I think I fixed this last week. |
I've gone ahead and made all the requested changes. @viglesiasce @prydonius anything else you need from me here? |
@k8s-bot ok to test |
Jenkins Charts e2e failed for commit 7194576. Full PR test history. The magic incantation to run this job again is |
@jackzampolin this no longer installs on the first pass. You need to leave (at least) the service as installing. Just leave off the deployment and daemonset. |
Still seeing the DS coming up with the pod IP name in Chronograf, it should be the node name. |
In chronograf im still not seeing anything in the Kubernetes dashboard. How does that get populated? |
Done! Should just deploy the service by default with nothing backing it unless the
🤦 sorry about that!

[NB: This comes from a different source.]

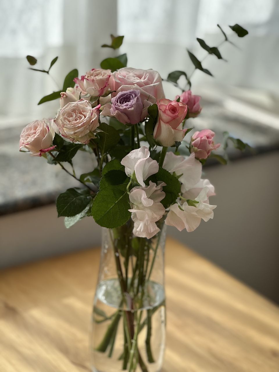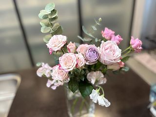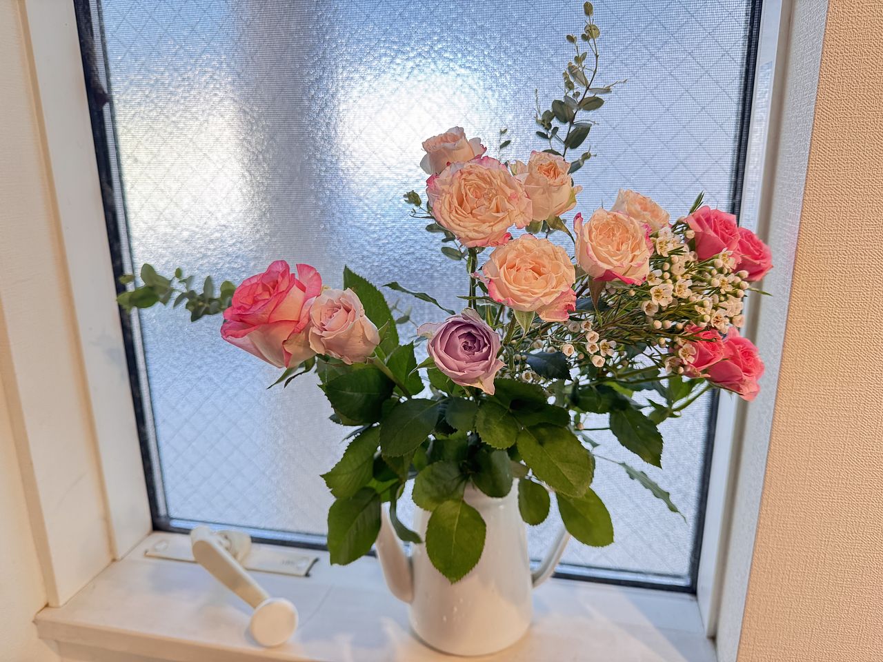 鮮度はバッチリでした👍🏻 内容は一輪バラ3本、複数輪バラ2本、スイートピー2本、ユーカリ2本でした。

That is also related to the kubernetes dashboard not showing up. I've pushed the fix. |
Can you add a note to the NOTES.txt that indicates that Telegraf is not yet properly deployed and point them at how they can rectify it? Check out the Ghost chart for an example. |
This worked for me. In a follow up PR can you add the syntax for the upgrading the infludb values? Here is what worked for me (since the value is a list): helm upgrade romping-zebra stable/telegraf --set daemonset.config.outputs.influxdb.urls={http://quelling-quetzal-influxd:8086} |
Signed CLA and fulfilled all the requirements. Any feedback is more than welcome!